Stored items from a collection
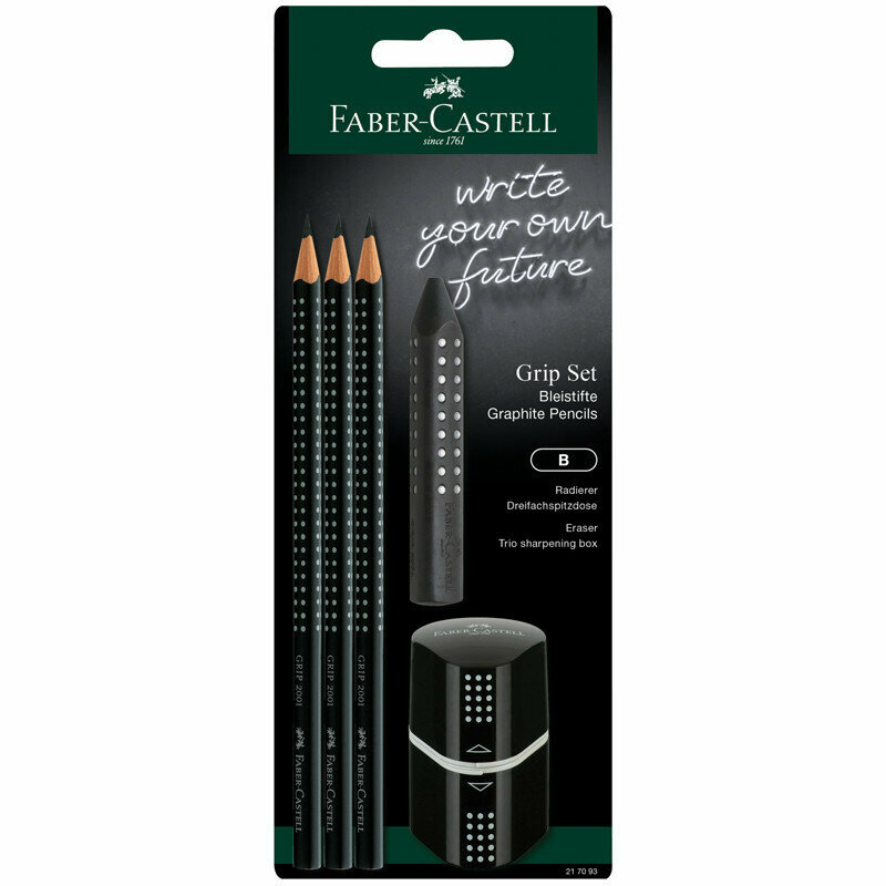 Набор чернографитных (простых) карандашей Faber-Castell Grip 2001 (В, заточенные, ластик, точилка) 3шт., черный блистер (217093)
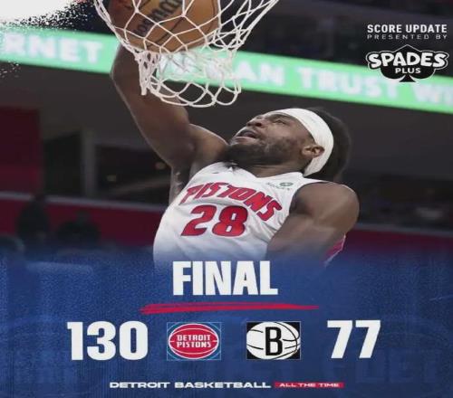 此役活塞贏了53分之多,創造隊史單場最大贏球分差。
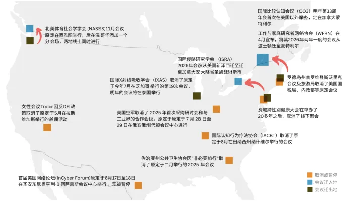 国际认知行为疗法协会(IACBT)取消了原定于8月在田纳西的会议,直言美国削减联邦经费与国际关系决策让会议无法继续筹办。首届美国网络论坛InCyber Forum也因“政策与经济环境不确定”而被叫停。
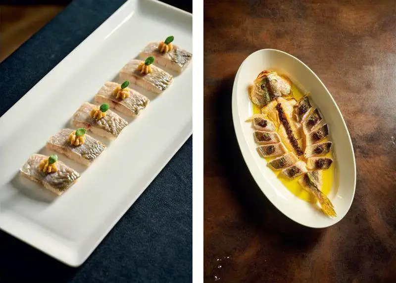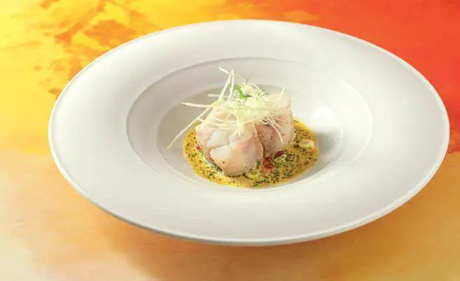 风味十足的香煎安康鱼外皮金黄酥脆,内里鱼肉嫩滑多汁,鲜美无比。搭配的番茄色拉和黑胡椒增添了微酸与微辣,白葡萄酒带来淡淡酒香,最后撒上烤松仁和鲜奶油,口感层次丰富,细腻柔脆,奶香四溢。
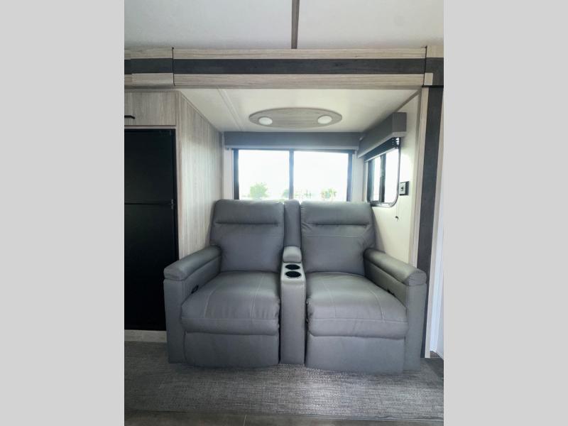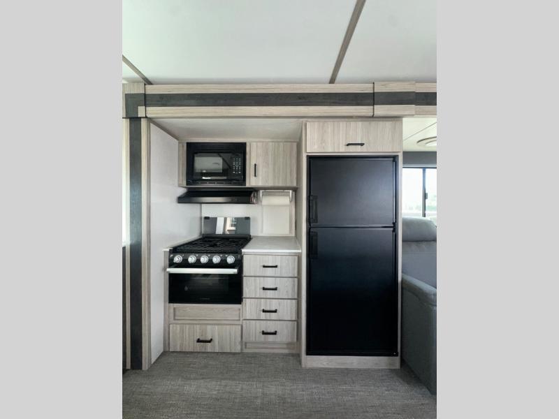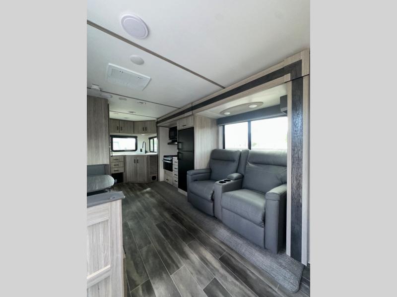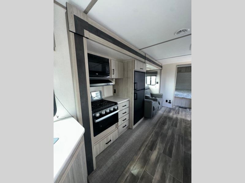 You can take many different kinds of trips with this Passport SL travel trailer! Once you get to the campsite and set up the 19' awning, you can remove your travel gear from the exterior pass-through storage to create your own little retreat. On the interior, the front private bedroom provides you with a queen-size bed, nightstands, and bedside wardrobes so that you can easily get changed every morning and night. The large slide out in the main living area will add to the amount of living space on the interior without adding to the overall width of the trailer. As the night comes to a close, you can heat up a bag of popcorn in the microwave before sitting down in the theater seating which could be switched out for the optional tri-fold sofa sleeper.

#### ASSIGNMENT
Your task is to repeat the opening line of the entries above and each line after it, ending with the line that has "风味十足的香煎安康鱼外皮金黄". Do not include the pictures.

#### ANSWER BELOW
 Набор чернографитных (простых) карандашей Faber-Castell Grip 2001 (В, заточенные, ластик, точилка) 3шт., черный блистер (217093)
 此役活塞贏了53分之多,創造隊史單場最大贏球分差。
 国际认知行为疗法协会(IACBT)取消了原定于8月在田纳西的会议,直言美国削减联邦经费与国际关系决策让会议无法继续筹办。首届美国网络论坛InCyber Forum也因“政策与经济环境不确定”而被叫停。
 风味十足的香煎安康鱼外皮金黄酥脆,内里鱼肉嫩滑多汁,鲜美无比。搭配的番茄色拉和黑胡椒增添了微酸与微辣,白葡萄酒带来淡淡酒香,最后撒上烤松仁和鲜奶油,口感层次丰富,细腻柔脆,奶香四溢。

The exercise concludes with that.